A new Bill proposed in the Parliament has a provision which says that deposit and locker holders can name up to four nominees instead of one.
The Bill that carries this provision is Banking Laws (Amendment) Bill which was introduced in Lok Sabha on Friday.
The Bill also has provisions for new reporting dates among others.
The Banking Laws (Amendment) Bill “seeks to improve governance standards, provide consistency in reporting by banks to the RBI, ensure better protection for depositors and investors, improve audit quality in public sector banks, and extend the tenure of the directors (other than Chairperson and Whole-Time Director) in co-operative banks,” a government source said, reported Hindu Business Line.
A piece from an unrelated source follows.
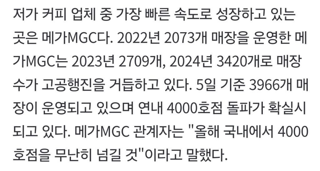 [여시뉴스데스크]스벅·할리스 주춤한 새…저가커피 매장은 1만개 넘으며 '훨훨' 작성자카페라떼오렌지|작성시간25.11.23|조회수10,813 목록 댓글 44 글자크기 작게가 글자크기 크게가 출처: https://n.news.naver.com/article/009/0005585318?sid=103스벅·할리스 주춤한 새…저가커피 매장은 1만개 넘으며 '훨훨'컴포즈·빽다방·더벤티 등 5곳 올해들어 1200개 늘어날동안 프리미엄은 100개 증가 그쳐 메가커피 영업익 1년새 55%↑ 2~3년내 스타벅스 추월할듯 불황에 가성비 소비 확대되고 1억미만 창업비에 점n.news.naver.com 다음검색 현재 게시글 추가 기능 열기 북마크 공유하기 신고 센터로 신고 댓글 댓글 44 댓글쓰기 답글쓰기 댓글 리스트 작성자옴미야 | 작성시간 25.11.23 메가 무슨 카페베네 보는것같음 근데 진짜 제일 맛없어 더벤티나 메머드 감 작성자크라이치즈버거 | 작성시간 25.11.23 메머드 컴포즈 텐퍼센트 작성자후아유아후 | 작성시간 25.11.23 헐 난 메가 맛있는데 작성자호올스악개 | 작성시간 25.11.24 매머드 맛있음 작성자토크차단기 | 작성시간 25.11.25 메가 맛없어.. 차라리 더벤티나 메머드가 더 나음 댓글 전체보기

It is interesting to note that the Bill seeks amendment in a number of laws such as Reserve Bank of India Act, 1934, the Banking Regulation Act, 1949, the State Bank of India Act, 1955, the Banking Companies (Acquisition and Transfer of Undertakings) Act, 1970 and the Banking Companies (Acquisition and Transfer of Undertakings) Act, 1980.
The Bill proposes changes to the Banking Regulation Act to facilitate a large number of nominees for payment of depositors’ money, release of contents of safety lockers, and return of articles kept in safe custody with banks.
Two options
The change in nominees will come with some conditions. There will be two options of choosing four nominees. The primary holder (s) has to give priority to all four or mention the share of each nominee. If the depositor chooses priority, the nomination will be effective only in favour of one person in the order of priority.
This means the nomination of the first nominee will be effective if she/he survives the person(s) who made the nomination.
After the death of the first, second or third, the next nominee will become effective. The priority mechanism will also be made available for nomination made in case of lockers and safe custody.
What are unclaimed deposits?
Balance in savings or current accounts which are not operated for 10 years or term deposits not claimed for 10 years from the date of maturity are classified as ‘unclaimed deposits’.
There could be multiple reasons for this such as the death of the primary holder followed by no nomination.
Consequently, these amounts are transferred by banks to the Depositor Education and Awareness Fund maintained by the RBI.
One of the key reasons behind keeping a large number of nominees for depositors’ money is to reduce unclaimed deposits with banks.
Unclaimed deposits with public and private sector banks combined topped ₹42,000 crore from around ₹33,000 crore a year ago, data as on Mar 31, 2023 shows.
Meanwhile, it is vital to note that the depositors are entitled to claim the deposits at a later date from the bank(s) where such deposits were held along with interest, as applicable.